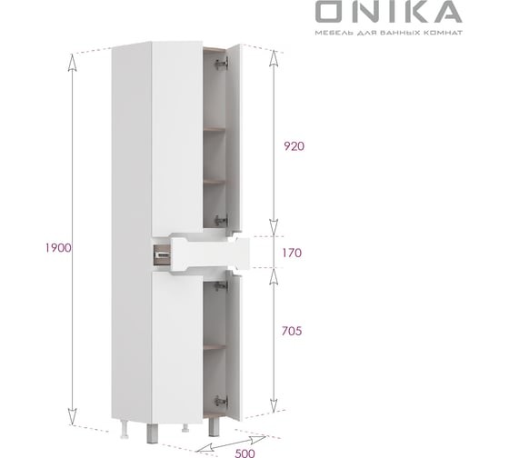 Шкаф-пенал для ванной Onika Айленд 50 / 405003 (белый)
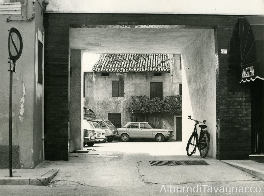 Accesso moderno ad un cortile con una vecchia casa, nel centro di Feletto.
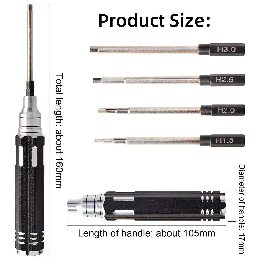 2. Hex Driver Wrench Dimensions: 4pcs hex screwdriver set (hex driver 1.5mm 2.0mm 2.5mm 3.0mm RC tool kit).
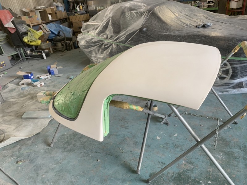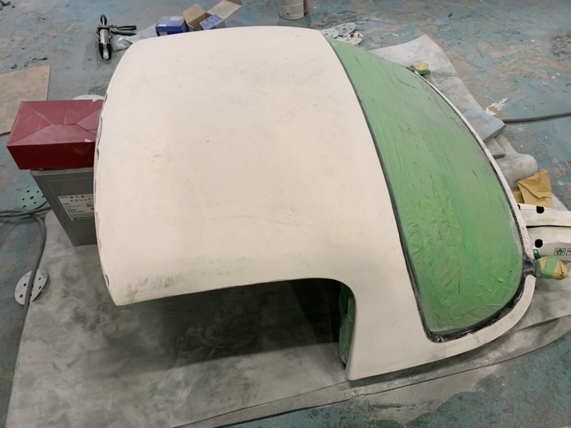 ユーノス ロードスター ルーフ 歪み確認のサフェーサー処理(右前から)
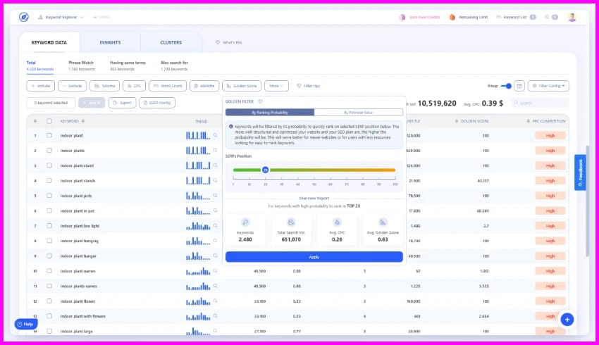 Plus, you'll get keyword searches, SERP overview Ahref data, insights segmentation, export function, Golden keyword filter, sales per keyword simulation (ESKP), competitor headline generators, and report sharable links.
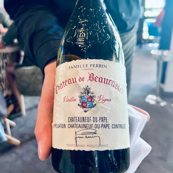On boit ! Incroyable carte des vins avec des références quasi introuvables (dont le Clos Rougeard ♥️). On a fait une infidélité à la Loire et avons opté sur les conseils du sommelier pour un Châteauneuf du Pape : le château Beaucastel vieille vignes (100% roussanne). Et bien nous avons bien fait c’était une tuerie !
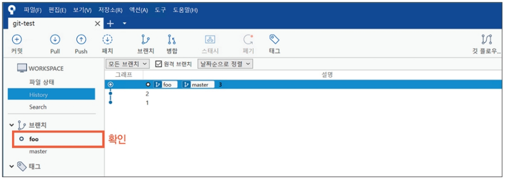 따라서 foo 브랜치로 체크아웃한다.
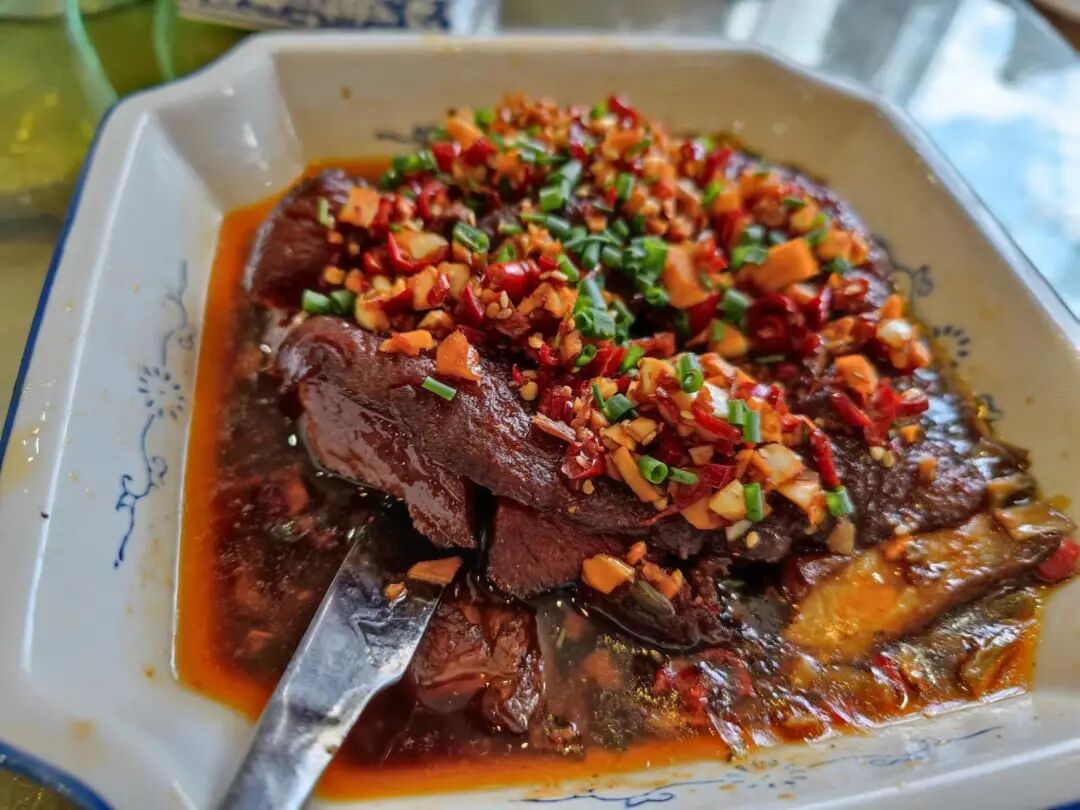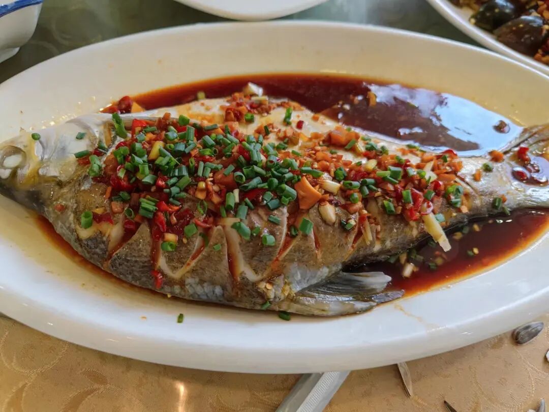 清蒸鳊鱼是江西当地宴席上常见的一道菜品,江西人爱吃辣,虽然是一道清蒸菜,但其实上面的酱汁放的却是辣椒汁。
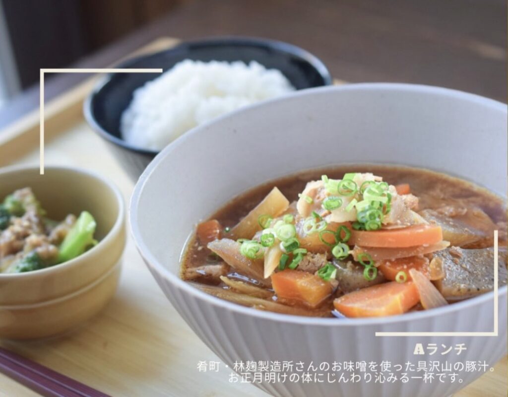 肴町・林麹製造所さんのお味噌を使った具沢山の豚汁。
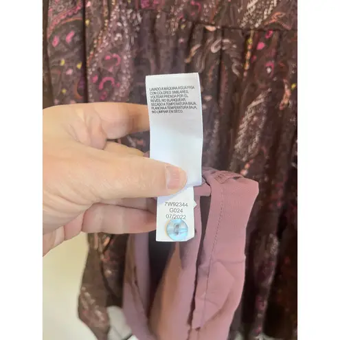 Lucky Brand babydoll-style dress in brown paisley print featuring long sleeves, button front, and a... Show more
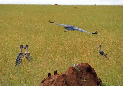 На другом термитнике неподалеку такую же позицию занимал вожак стаи аистов-марабу.
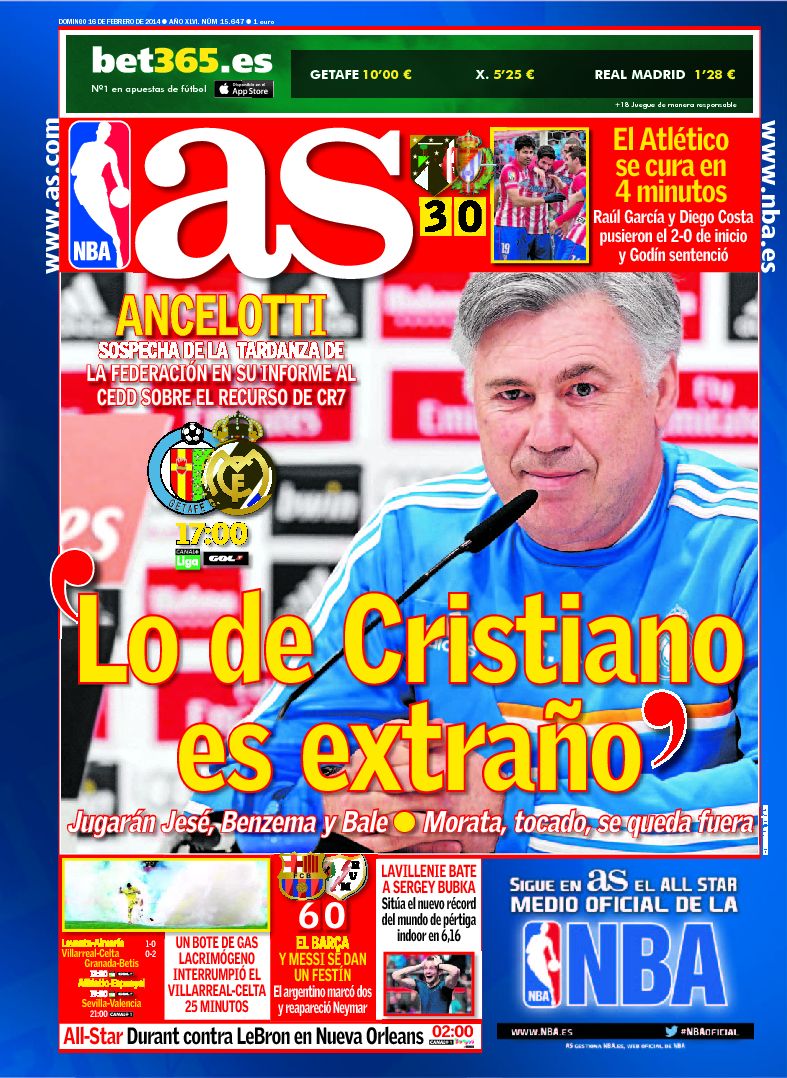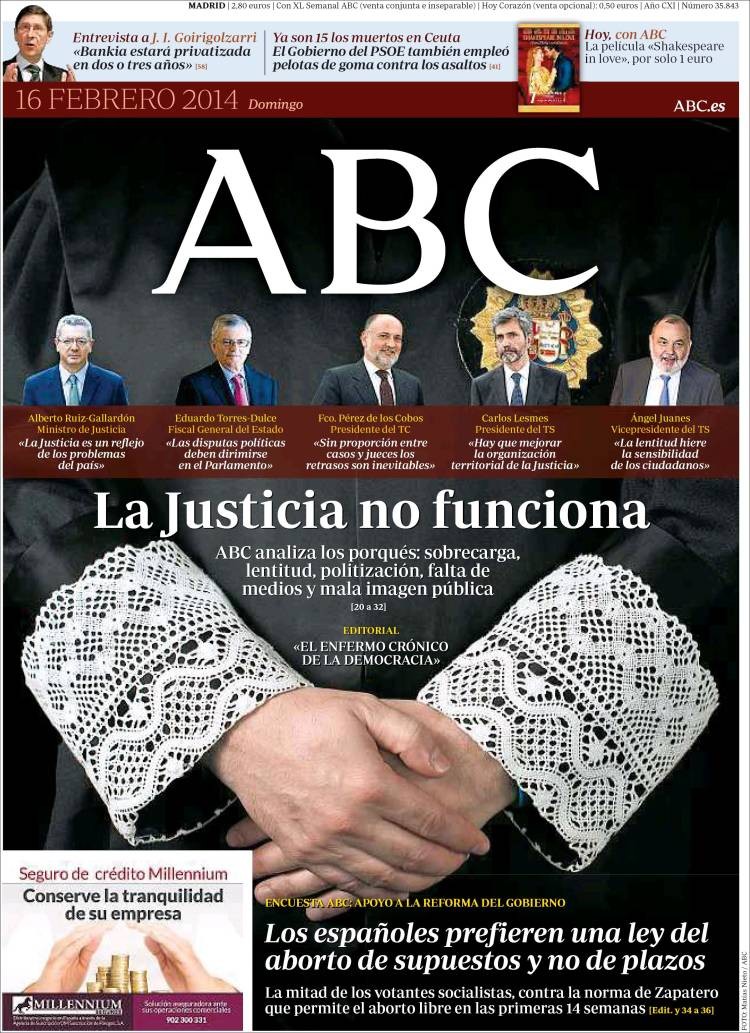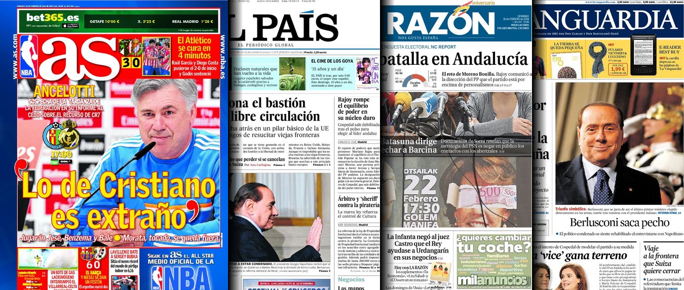 Portadas de los diarios El País, ABC, La Razón, As y La Vanguardia.

* * * *

▸ **TASK DIRECTIONS**
Copy every record verbatim while leaving each picture out.

▸ **TASK OUTPUT**
 Шкаф-пенал для ванной Onika Айленд 50 / 405003 (белый)
 Accesso moderno ad un cortile con una vecchia casa, nel centro di Feletto.
 2. Hex Driver Wrench Dimensions: 4pcs hex screwdriver set (hex driver 1.5mm 2.0mm 2.5mm 3.0mm RC tool kit).
 ユーノス ロードスター ルーフ 歪み確認のサフェーサー処理(右前から)
 Plus, you'll get keyword searches, SERP overview Ahref data, insights segmentation, export function, Golden keyword filter, sales per keyword simulation (ESKP), competitor headline generators, and report sharable links.
On boit ! Incroyable carte des vins avec des références quasi introuvables (dont le Clos Rougeard ♥️). On a fait une infidélité à la Loire et avons opté sur les conseils du sommelier pour un Châteauneuf du Pape : le château Beaucastel vieille vignes (100% roussanne). Et bien nous avons bien fait c’était une tuerie !
 따라서 foo 브랜치로 체크아웃한다.
 清蒸鳊鱼是江西当地宴席上常见的一道菜品,江西人爱吃辣,虽然是一道清蒸菜,但其实上面的酱汁放的却是辣椒汁。
 肴町・林麹製造所さんのお味噌を使った具沢山の豚汁。
 Lucky Brand babydoll-style dress in brown paisley print featuring long sleeves, button front, and a... Show more
 На другом термитнике неподалеку такую же позицию занимал вожак стаи аистов-марабу.
 Portadas de los diarios El País, ABC, La Razón, As y La Vanguardia.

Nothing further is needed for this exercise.